Der Schweizer Ex-Herthaner ist für Gladbach das, was Klopp für Dortmund war. Identifikationsfigur, Vater des Erfolgs. Auch wenn er weniger verrückt an der Linie herumspringt (der Mann ist ja auch etwas älter) und es ihm gelingt, in Diskussionen mit dem Schiedsrichter seine Gesichtszüge unter Kontrolle zu halten, so hinkt der Vergleich nicht. Er machte binnen kurzer Zeit aus einem Fast-Absteiger kontinuierlich einen Champions League Teilnehmer.

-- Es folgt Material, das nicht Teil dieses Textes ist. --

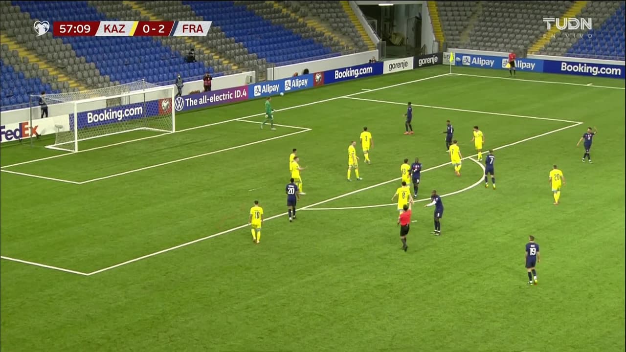 Tiro atajado al ángulo superior derecho. Anthony Martial (Francia) Disparo con la derecha desde fuera del área.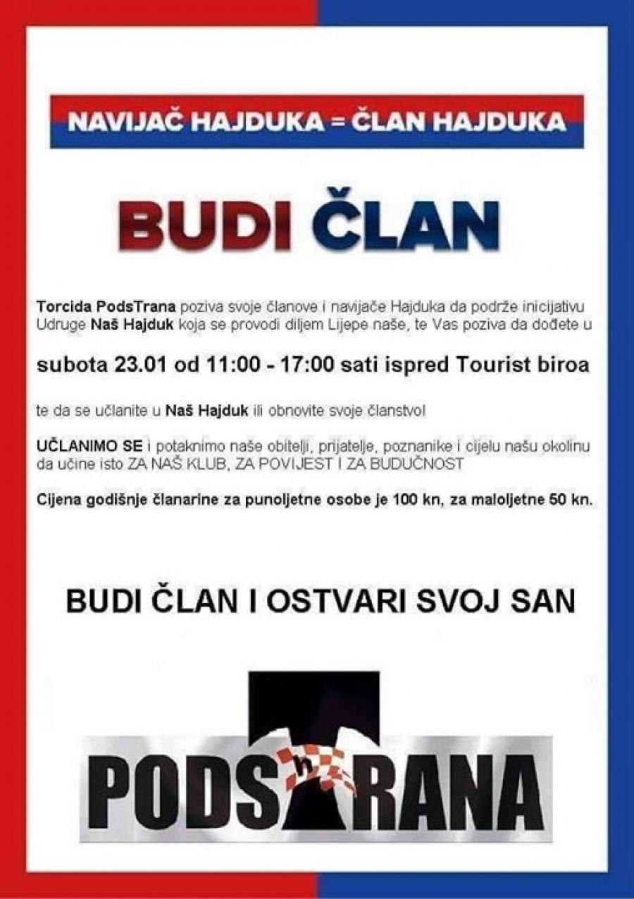U suboTu 23.01. od 11-17 saTi ispred Tz-a slika: Torcida Podstrane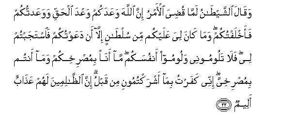 22. Waqala alshshaytanu lamma qudiya al-amru inna Allaha waAAadakum waAAda alhaqqi wawaAAadtukum faakhlaftukum wama kana liya AAalaykum min sultanin illa an daAAawtukum faistajabtum lee fala taloomoonee waloomoo anfusakum ma ana bimusrikhikum wama antum bimusrikhiyya innee kafartu bima ashraktumooni min qablu inna alththalimeena lahum AAathabun aleemun
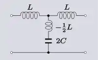 It can sometimes be useful to make such a transformation, not for the purposes of actually building the transformed circuit, but rather, for the purposes of aiding understanding of how the original circuit is working. The following circuit in bridged-T topology is a modification of a mid-series m-derived filter T-section. The circuit is due to Hendrik Bode who claims that the addition of the bridging resistor of a suitable value will cancel the parasitic resistance of the shunt inductor. The action of this circuit is clear if it is transformed into T topology - in this form there is a negative resistance in the shunt branch which can be made to be exactly equal to the positive parasitic resistance of the inductor.[14]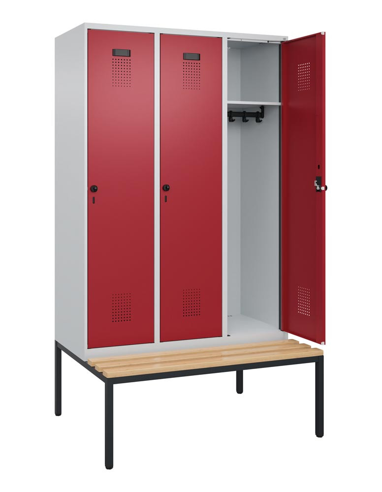 Garderobenschrank, untergeb. Sitzbank, Buche-Sitzleisten, 3 Abteile, Abt.B 400 mm, Drehriegel, BxTxH 1200x500x2120 mm, Farbwahl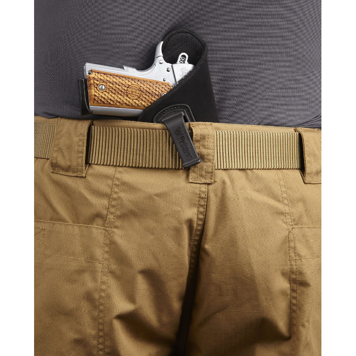 Bulldog’s Deluxe Inside the Waistband Holsters offer a uniquely fused padding and vapor barrier that help keep the weapon dry and protect the skin from the pistol’s curves and sharp edges. This holster features a special spiral binding that minimizes discomfort when worn directly against the skin. The smooth inner lining offers a snag-free draw while the suede-like outer material is comfortable and itch free. Its molded polymer clip can be worn over the pant top or belt. Fits 2-2.50 revolvers.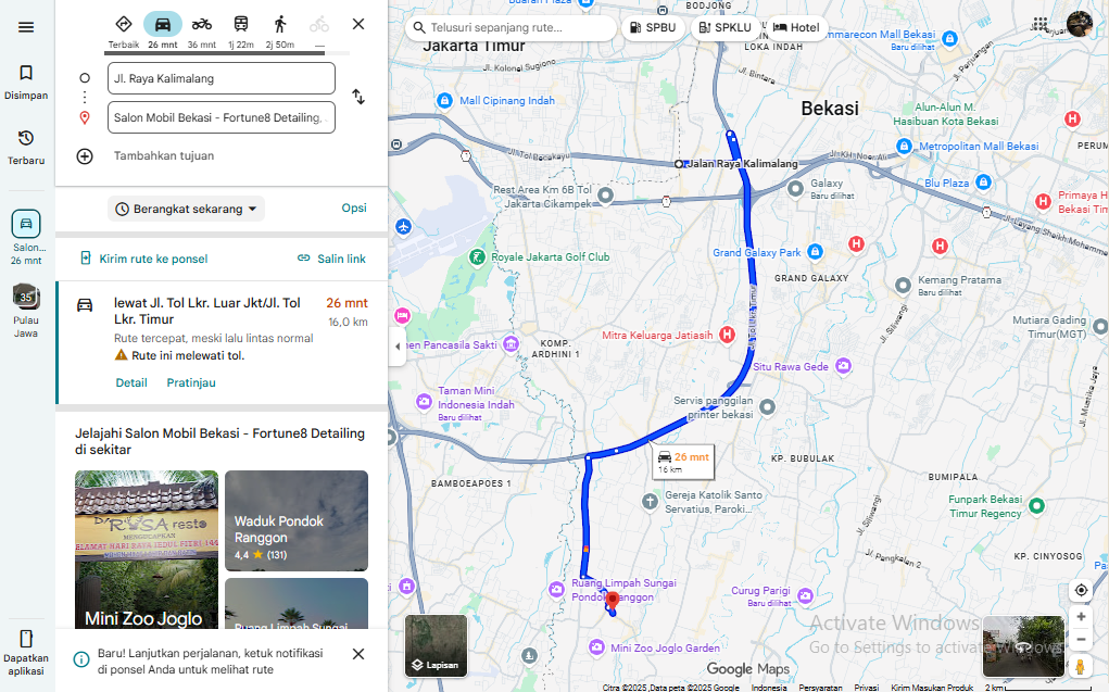 β Rute Tercepat dari Kalimalang ke Fortune8 Detailing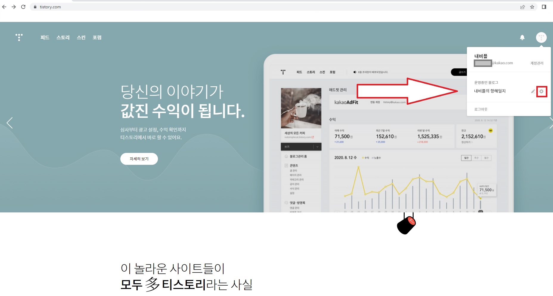 - 티스토리 메인 화면에서 톱니바퀴 모양을 클릭하여 블로그 관리 페이지로 접속합니다.

Trotz entscheidender Abgänge (Reus, Dante, Ter Stegen) und trotz Doppel- und Dreifachbelastungen zog er seinen Stiefel durch. Und lässt dabei herausragenden Fußball spielen. Er erinnert Gladbach an die goldenen Jahre um Netzer und Co. – eine Meisterschaft erscheint nicht unrealistisch. Unsere Elf darf er jedenfalls coachen. Dieser Taktik-Professor bringt schon mal 50% des Sieges.